I do not know why I have not blogged about this pregnancy, yet. Probably out of fear, I don’t want to jinxed it. I’m scared. Tomorrow I will be 18 weeks pregnant! It was been a long road but i am so thankful of where I am.
I will start at the beginning so our baby will know how much he/she is wanted and loved.
Francis and our third baby both had chromosome testing done (number reason for miscarriage is abnormal chromosomes making the baby not fit for life. Both babies came back normal. My doctor then referred me to a fertility doctor to see if they could help us. No one wants to end up at a fertility dr but if you do, they are amazing! At least mine is. They take such good care of you! And spend as much time as you want with you. My eyes were also opened to how many couples have to take this route. I feel very blessed because I already have one healthy baby and I know so many woman in there would love to be in my shoes. I also know I can get pregnant.
We started with a lot of blood work. (one time I had 37 tubes of blood drawn! – then taught a group fitness class, not smart) I had to get in drawn at different times of my cycle so the process took a couple months. I had a few levels come back abnormal. But all were relativity easy fixes. Praise God!
We started with clomid. I pray I am never on this drug again!! When the dr was telling Tommy and I about it he said the number one side effect was mood swings. Ha! At least Tommy was there to hear it :) It took me two months to get pregnant on clomid. I think I spent a lot of that time crying, fussing with Tommy (over who knows what) having nightmares and eating constantly. Thank God I got pregnant the second month!!!
Once I found out I was pregnant I had to give myself a shot. I will continue to give myself a shot twice a day until delivery. One of my blood levels came back high showing that my blood is likely to form blood clots. The drs believe my body slowly cut off the blood supply to Francis then when I became pregnant the third time my body realized what was happening faster and cut off the blood supply sooner. (Notice in the picture below I am only pretending to give myself a shot because Tommy said he couldn’t actually watch me do it:) We also decided we would be awful drug addicts, we both hate shots!

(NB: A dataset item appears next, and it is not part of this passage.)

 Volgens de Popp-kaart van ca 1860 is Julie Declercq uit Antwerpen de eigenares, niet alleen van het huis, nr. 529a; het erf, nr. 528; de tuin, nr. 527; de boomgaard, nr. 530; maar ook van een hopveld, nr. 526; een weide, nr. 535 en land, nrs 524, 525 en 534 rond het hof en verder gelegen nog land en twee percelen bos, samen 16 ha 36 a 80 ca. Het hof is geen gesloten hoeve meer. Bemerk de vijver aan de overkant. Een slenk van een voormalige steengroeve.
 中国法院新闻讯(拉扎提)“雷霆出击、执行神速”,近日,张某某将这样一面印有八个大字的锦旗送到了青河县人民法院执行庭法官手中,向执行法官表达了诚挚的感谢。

The fertility drs do an excellent job on monitoring you!! I had blood work done every few days between week 4-7. At week 7 the baby was big enough to see on an ultra sound so I started getting ultra sounds week 7 –13. It is so amazing to watch your baby develop!! Week 10 was the biggest week for me. We went from seeing a round circle with a heart beat to arms, legs, head, everything. It was so amazing. The next three ultra sounds the baby was moving, arms waving, legs kicking. Honestly, amazing!! I was also put on progesterone for the first trimester mostly as a safety precaution. At the end of the first trimester you “graduate” (with a diploma and baby present) from the fertility dr. I was thankful and disappointed at the same time. I loved it there. I loved weekly ultra sounds! I am now waiting for the 20 week ultra sound.

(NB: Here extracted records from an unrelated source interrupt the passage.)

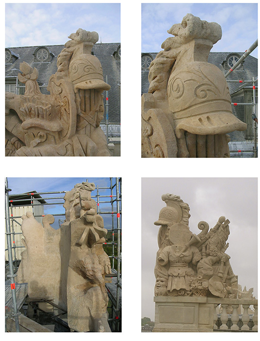 Prestations réalisées : direction de travaux de restauration Monument Historique ; expertise technique ; consolidation ; démontages/remontages structurels ; ragréage ; nettoyage ; sculpture neuve ; réintégration chromatique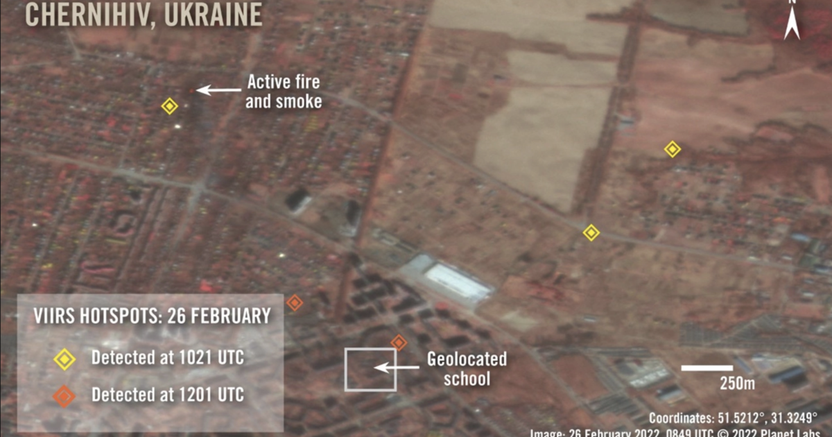En barnehage nordøst i Ukraina, hvor sivile hadde søkt dekning, ble truffet av klasevåpen fredag 25. februar.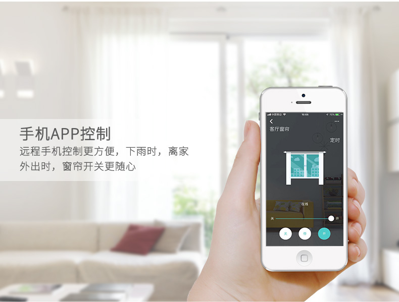 智匯云智能窗簾電機,可以通過手機、遙控器、語音等多種方式進(jìn)行操控,在家中的任何角落都能一鍵開合窗簾,再不用為起身手拉窗簾感到煩惱;當(dāng)然,它也保留了手拉的功能,充分考慮停電時的情況。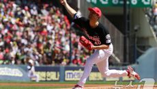 20일 인천SSG랜더스필드에서 열린 SSG와 LG의 경기, LG 김주온이 1회말 1사 만루 SSG 박성한에 밀어내기 볼넷을 내- 2025-04-20 14:21
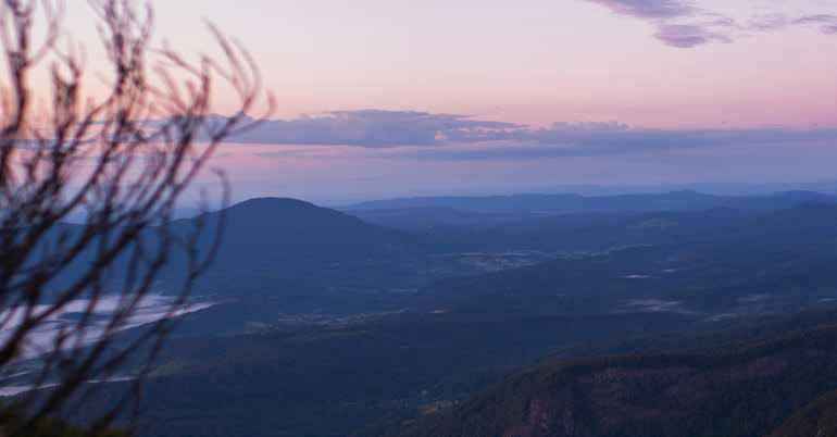 The sky was blessedly clear and the first glow of dawn glittered on the horizon and bled across the eastern sky, where only the most radiant of the stars were still hanging on. The lights of the Gold Coast and Byron Bay twinkled knowingly on the coast, despite the fact most of their residents were still tucked away in bed at this ungodly hour of 5.30am. The Tweed River snaked its way sleepily towards the sea like some mythical creature reluctantly slinking into morning, a blanket of fog hanging over the valley through which it weaved hundreds of metres below us. The early dawn light captured every particle of the sea mist that lingered over the ocean, a palate of gold, pink, and inky blue in which it was almost impossible to discern ocean from sky from land. I stood mesmerised for a long while trying to do so before finally accepting this surreal vision for what it was: impossibly beautiful.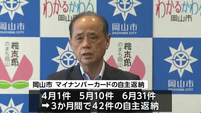 きょう(11日)の市長会見で明らかにされたものです。岡山市によりますとマイナンバーカードの自主返納は4月に1件、5月に10件、6月に31件と3か月間で合わせて42件あったということです。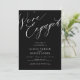 Simple minimaliste chic de calligraphie blanche et noir nous sommes engagés engagement script invitation partie de l'engagement.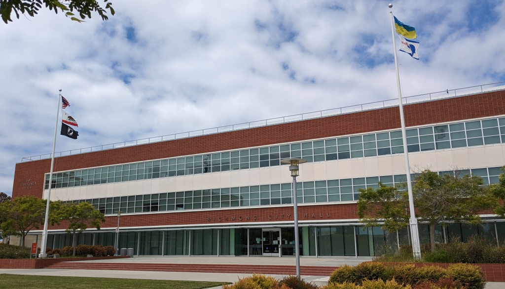 Richmond, CA, https://en.wikipedia.org/wiki/Richmond,_California: … a city in western Contra Costa County … in the San Francisco Bay Area’s East Bay region … population … 116,448 as of the 2020 census … The Ohlone were the first inhabitants …, settling an estimated 5,000 years ago … At the onset of World War II, … four … Shipyards were built along Richmond’s waterfront, employing thousands of workers, many migrating to Richmond from other parts of the country after being recruited …When the war ended the shipyard workers were no longer needed … a decades-long population decline ensued … By 1960 much of the temporary housing built for the shipyard workers was torn down … In the 1970s, the Hilltop area was developed in Richmond’s northern suburbs, further depressing the downtown area as it drew retail clients and tenants away to the large indoor Hilltop Mall, which opened in 1976 … In 2006, the city celebrated its centennial. This coincided with the … streetscaping project of Macdonald Avenue … designated the city’s “Main Street District” by the state of California … The city has in the past suffered from a high crime rate … By 1991, the city’s all-time high of 62 homicides … was seven times the national average … In 2007, Richmond opened a program to prevent gun violence, the Office of Neighborhood Safety … The program … analyzes public records to determine “the 50 people in Richmond most likely to shoot someone and to be shot themselves.” It … offers selected individuals “a spot in a program that includes a stipend to turn their lives around” … Richmond is no longer ranked as a “most dangerous” city, in either California or the United States … … There are 17 emergency warning sirens in the city … tested on the first Wednesday of every month, at 11 am, [e.g., 3 May 2023] and are usually used to warn of toxic chemical releases from the Chevron Richmond Refinery … annual … Cinco de Mayo celebrations … attracts thousands …The Richmond Police Department, Fire Brigade, United States Marine Corps and other organizations participate in the parade …

I have been to my regular obgyn once and will go again on Monday. The baby’s heartbeat sounded great last time. I am praying I will have a good appointment Monday. Honestly, I am so nervous every time I go to the dr. Even at the fertility dr I braced myself multiple times for the dr to tell me there was not a heartbeat. I even cried to Tommy before one appointment telling him I thought I had a miscarriage. I am trying to stay positive and trust in God’s plan for my life. I do feel better since I have made it past the first trimester and week 16 (when I lost Francis)
Hebrews 12:1 And let us run with perseverance the race marked out for us
Pregnancy pics so far
Week 4 vs. Week 8
since I will be 18 weeks tomorrow we will call the Week 18
I forgot to mention I’m not really allowed to work out. I have to keep my heart rate under 120. It wasn’t tough in the first trimester because I did not feel good and honestly didn’t care about working out. Now that I am feeling good again, I miss it! It is a big change for me. But if it’s what I need to do, I will definitly follow the guidelines. I will have plenty of time to workout after the baby is born (that maybe an exaggeration but I will make time!)
Praying for a healthy full term baby!!!